The international benchmark, Brent crude, consequently dropped 4 cents or 0.09 per cent to sell at $44.28 per barrel, while the US West Texas Intermediate (WTI) crude lost five cents or 0.12 per cent to settle at $41.87 per barrel.

Both crude futures had earlier finished at their highest settlements since early March after the European Union reached a deal that would boost the continent’s economy.

However, the market reacted as the Energy Information Administration (EIA) said on Wednesday that crude inventories rose by 4.9 million barrels in the week to July 17 to 536.6 million barrels, compared with expectations of 2.1 million-barrel drop.
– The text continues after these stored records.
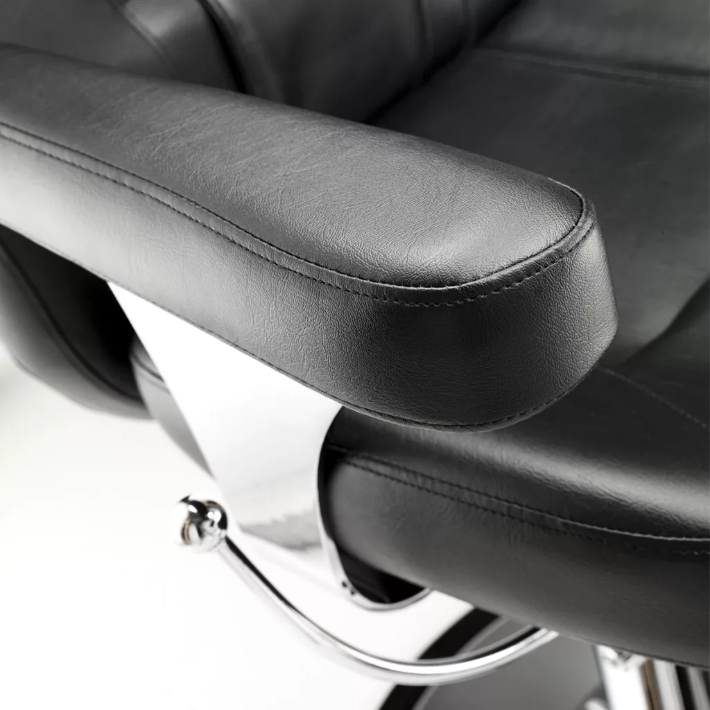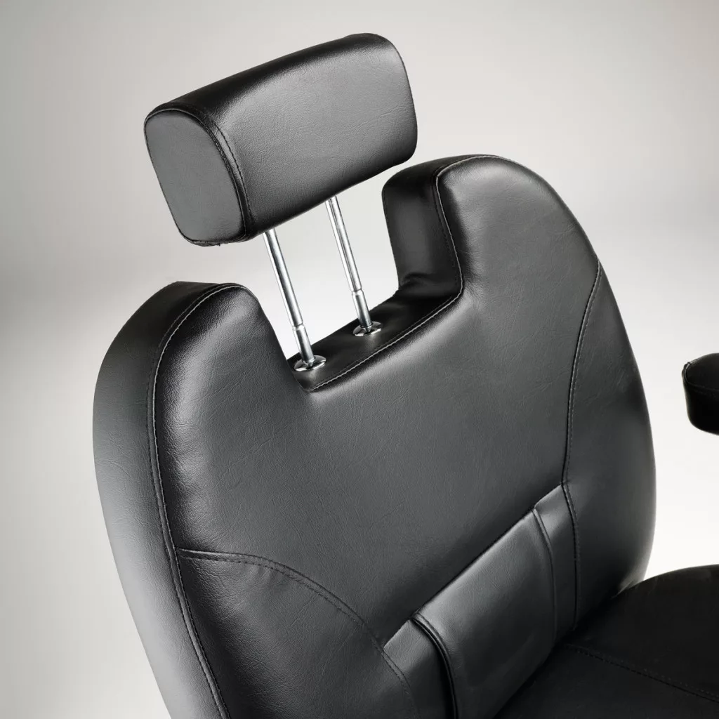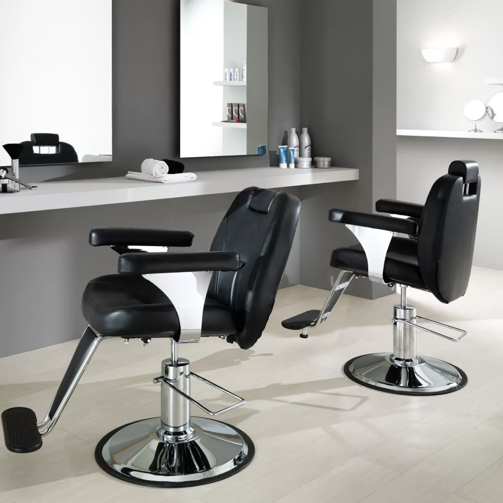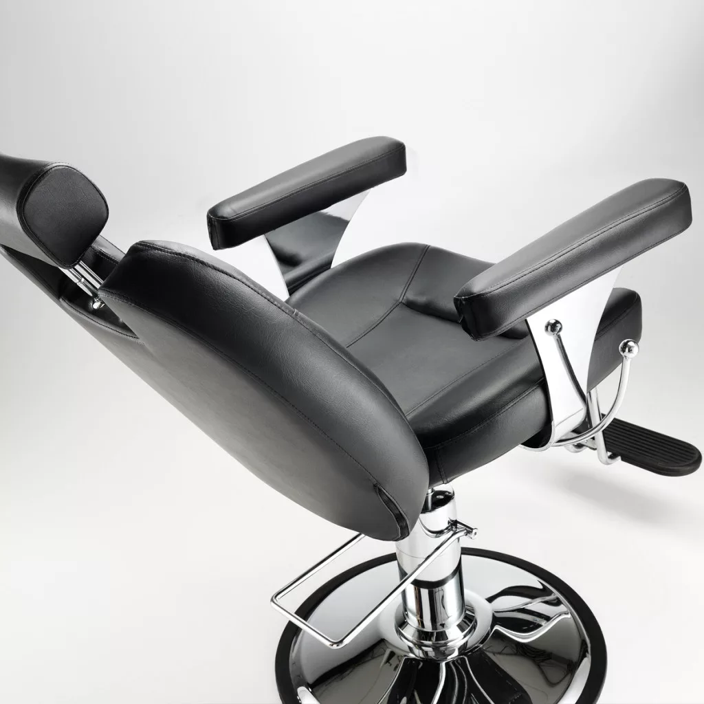 A kényelmes Siviglia fodrász szék krómozott vázzal, fekete műbőr kárpittal, kör alakú gumírozott talppal, hidraulikus pumpával és állítható fejtámlával rendelkezik. Könnyen tisztítható, vízálló.
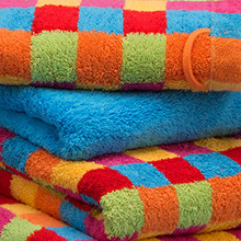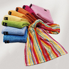 The towel also comes in a complimentary stripe (7008/25), and in this colourway (col. 25) is energetic and bright.
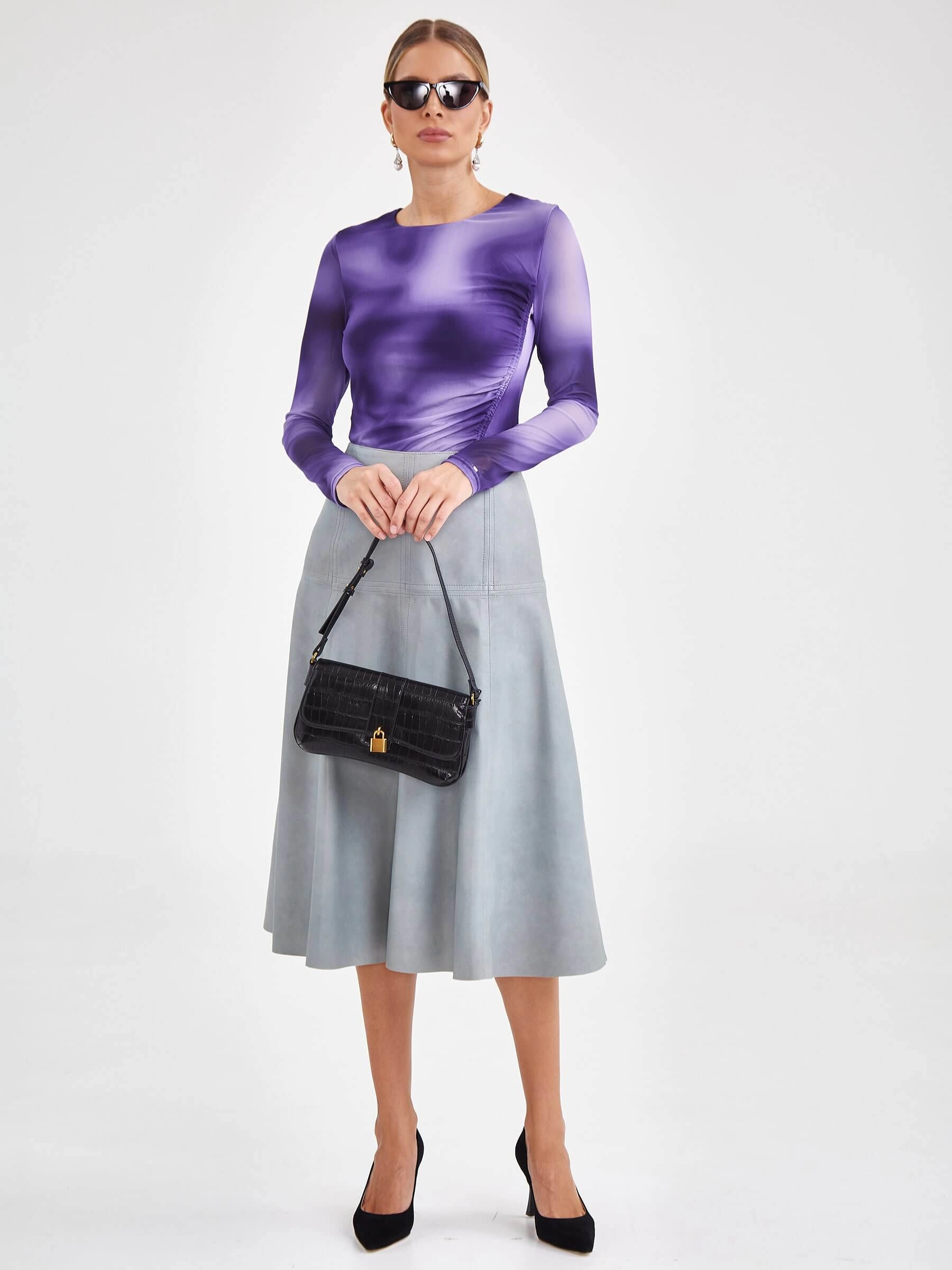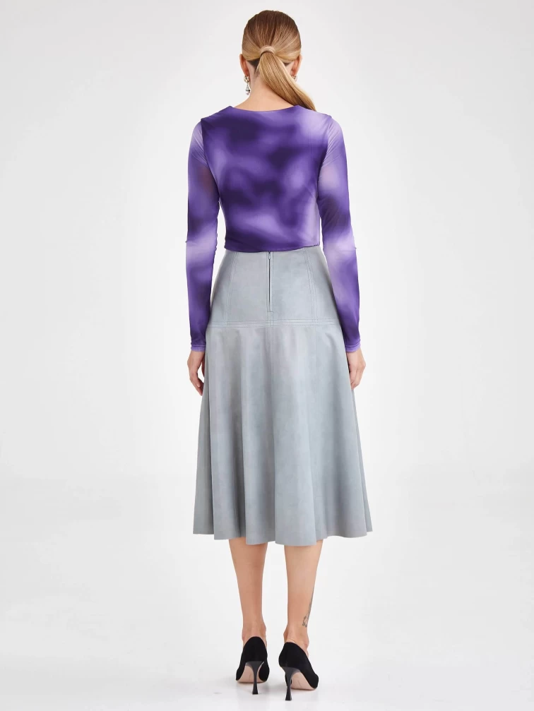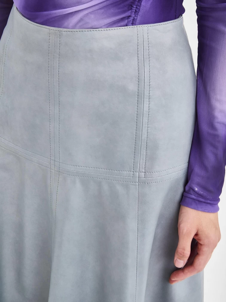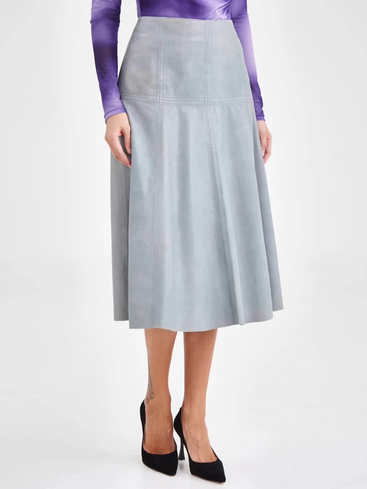 Женственная юбка-годе из натуральной кожи премиум-класса серо-голубого цвета сочетает облегающий верх с эффектным воздушным расширением к низу, создавая элегантный контраст силуэта. Потайная молния сзади обеспечивает чистые линии без пояса, а нежный дымчато-небесный оттенок тонкой кожи придает образу утонченность и лёгкость. Этот универсальный фасон легко трансформирует ваш стиль от романтичного ретро с водолазками и жакетами до современного дерзкого лука с объемными свитерами и грубыми ботинками, идеально дополняя как шелковые топы для вечернего выхода, так и повседневные образы с лаконичными блузами.
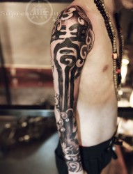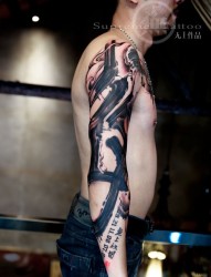 泼墨书法花臂纹身
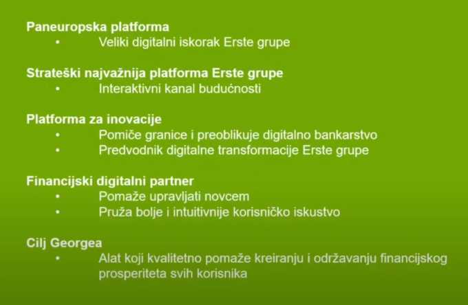 Lansiranjem platforme George Erste banka je ispunila jednu od svojih strateških odrednica – da bude lider u digitalnim inovacijama – no isto tako osigurala je kontinuitet inovacija u narednom razdoblju.
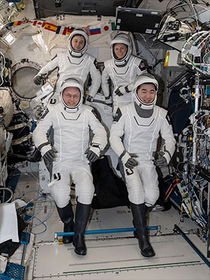 The four SpaceX Crew-11 members — Mike Fincke, Oleg Platonov, Zena Cardman and Kimiya Yui — gather during a suit verification check prior to their leaving the International Space Station. (NASA)
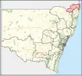The electoral district includes all of the City of Lismore (including Lismore, Lindendale, Nimbin, Dunoon and Clunes), much of inland Tweed Shire (including Murwillumbah, Tyalgum and Uki), all of Kyogle Council (including Kyogle, Bonalbo, Tabulam and Woodenbong) and all of Tenterfield Shire.[1] (including Tenterfield, Drake, Jennings, Liston, Legume, Torrington and Urbenville)
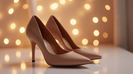 Elegant nude high heels on a reflective surface with warm bokeh lights in the background.
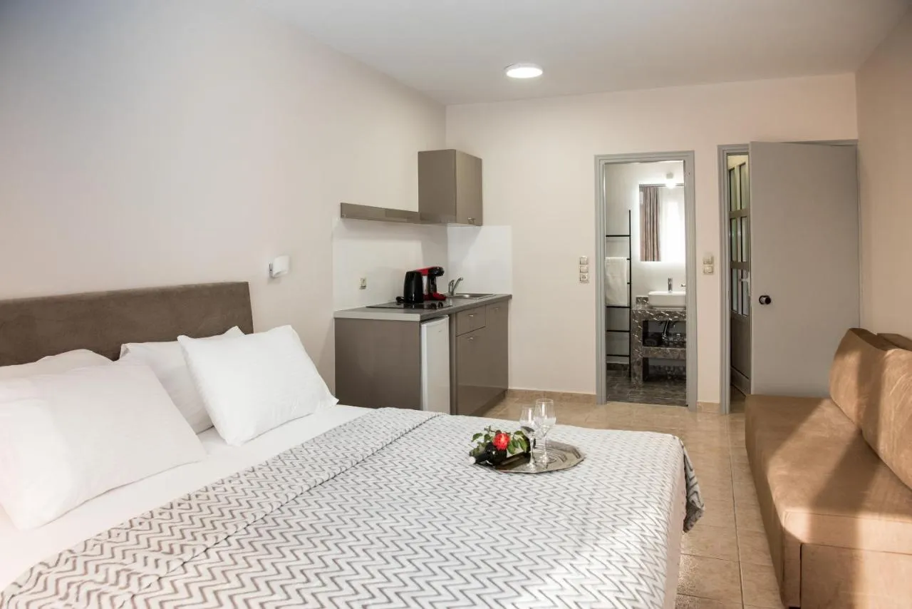 La 1 km de plaja Kalamaki, Avyssos Residents este o proprietate recent renovată situată în Kalamaki, care dispune de camere cu aer condiționat, WiFi gratuit și parcare privată. Proprietatea oferă vederi spre mare și munte și se află la 1,6 km de plaja Crystal. Aparthotelul dispune de camere pentru familii.

Also, The American Petroleum Institute (API) reported a climb of 7.5 million barrels.

The EIA data also showed crude stocks at the Cushing, Oklahoma, storage hub edged up by about 1.4 million barrels, while total domestic oil production climbed by 100,000 barrels to 11.1 million barrels a day last week.

Analysts note that this increase in US inventories may raise questions over a decision by the Organization of the Petroleum Exporting Countries and their allies, OPEC+ to taper production cuts from 9.7 million barrels per day to 7.7 million barrels starting from August.

Prices were also pressured by renewed tensions between the US and China, a factor that raised the potential for a decline in energy demand.

A fresh dispute between the two countries put pressure on prices after the United States told the Chinese consulate in Houston to shut down while there are reports that China was considering closing the US consulate in Wuhan.

This could be seen as harmful to prices as China is one of the biggest importers of oil, and an escalation can affect trading of commodities, one of which is crude oil.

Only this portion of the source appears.